Дейвид задернул занавеску, включил свет. Идти вниз что-то выяснять не было смысла: все, что осталось по ту сторону занавески, казалось уже несущественным, нереальным. Апатия и болезненное безадресное отвращение, почти не отпускавшее Дейвида в последнее время, мешали сосредоточиться. Он тяжело опустился на стул
Он только что закончил снимать суперобложки со всех своих книг. Сдирая и в порыве непонятного исступления комкая глянцевые рубашки, он бросал их в большую картонную коробку. Теперь коробка стояла наполненная кричаще-многоцветным ворохом, а тома на полу сдержанно поблескивали золотом корешков. Да, так гораздо лучше. Без обложек книги выглядели не в пример более строгими и красивыми — настоящими. Монти — Монтегью Смолл — как-то рассказывал Дейвиду, что он отметил свое сорокалетие, раздев таким образом всю свою библиотеку. «Книга в обложке всегда чего-то ждет», — сказал тогда Монти. Дейвид решил, что его книгам не придется томиться в ожидании его семнадцатилетия. Подняв с пола тонкий темно-синий томик, он провел рукой по гладкой поверхности. «Катулл. Оксфорд. Классическая серия. Ехсгucior». [1]
1
Я страдаю, мучаюсь (лат.). Сборник назван по последнему слову стихотворения LXXXV («Хоть ненавижу, люблю…»). Гай Валерий Катулл (87/84 до н. э. — 54 до н. э.).
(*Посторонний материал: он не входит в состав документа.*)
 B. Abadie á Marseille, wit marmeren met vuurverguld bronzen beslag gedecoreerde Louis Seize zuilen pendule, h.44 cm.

Болезненные ощущения, так неотступно сопровождавшие теперь Дейвида, не были следствием любовной истомы. Женщины — не считая, конечно, матери — пока еще не слишком занимали его. Являвшиеся время от времени муки Эроса носили сугубо локальный характер, и он избавлялся от них без восторга, но и без лишних угрызений, когда оставался один у себя в комнате. Мечталось, правда, о прекрасной Миранде, но в школе для мальчиков, где в основном протекали его дни, Миранды не было; как, впрочем, не было никаких иных предметов любви. Истинная причина душевных терзаний Дейвида выглядела, пожалуй, не слишком вразумительно: его пугало, что он может не стать личностью. Он ощущал себя постыдно бесформенным, как личинка в период метаморфоза, которая уже наполовину выползла из своей старой оболочки, но по-прежнему тащит ее за собой. Само его страдание — и то казалось смазанным и тусклым, безжизненным. Апатия и отвращение губили все.
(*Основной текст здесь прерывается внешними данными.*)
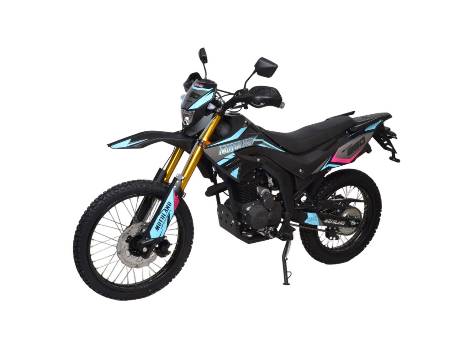 Motoland 250 ENDURO BLAZER (XF250-A) — мотоцикл класса эндуро с рабочим объёмом 250 см³ и мощностью 16 л.с. Наличие ПТС, а также поворотников и заднего стоп-сигнала делает модель практичным выбором не только для грунта, но и для повседневных поездок, где важна дорожная оснащённость.

Дейвид был брезглив. Ему противны были красные собачьи пасти с вываленными языками и то, как мать улыбается при виде своих собак, этой прожорливой слюнявой своры. За столом он поспешно отводил взгляд, когда у отца с вилки — а то и прямо изо рта — кусок шлепался обратно в тарелку или когда отцовское лицо, уже после второй выпитой рюмки, начинало багроветь. Внутренние процессы организма — судорожные сокращения скользкой влажной слизи — внушали ужас. Его воротило от парочек, бесстыдно целующихся в кинозале. Будь это возможно, он давно бы перестал есть, в крайнем случае питался бы одними сухими крошками, и то в полном одиночестве. Любой намек на нечистоплотность мог вызвать у него приступ дурноты. Мать облизнула ложку и помешала ею в кастрюле, что-то жирное упало и было растоптано на кухонном полу. Лужайка за домом, вопреки всем материнским усилиям, насквозь провоняла собаками. Иногда назойливый тошнотворный запах вползал в окна, в такие дни в доме нельзя было спокойно находиться, не то что есть. Да и сами собаки — так себе, шавки беспородные, взглянуть не на что. Дейвид рано прочел «Собаку Баскервилей» и с тех пор боялся собак. Но в этом, естественно, он никогда никому не признавался.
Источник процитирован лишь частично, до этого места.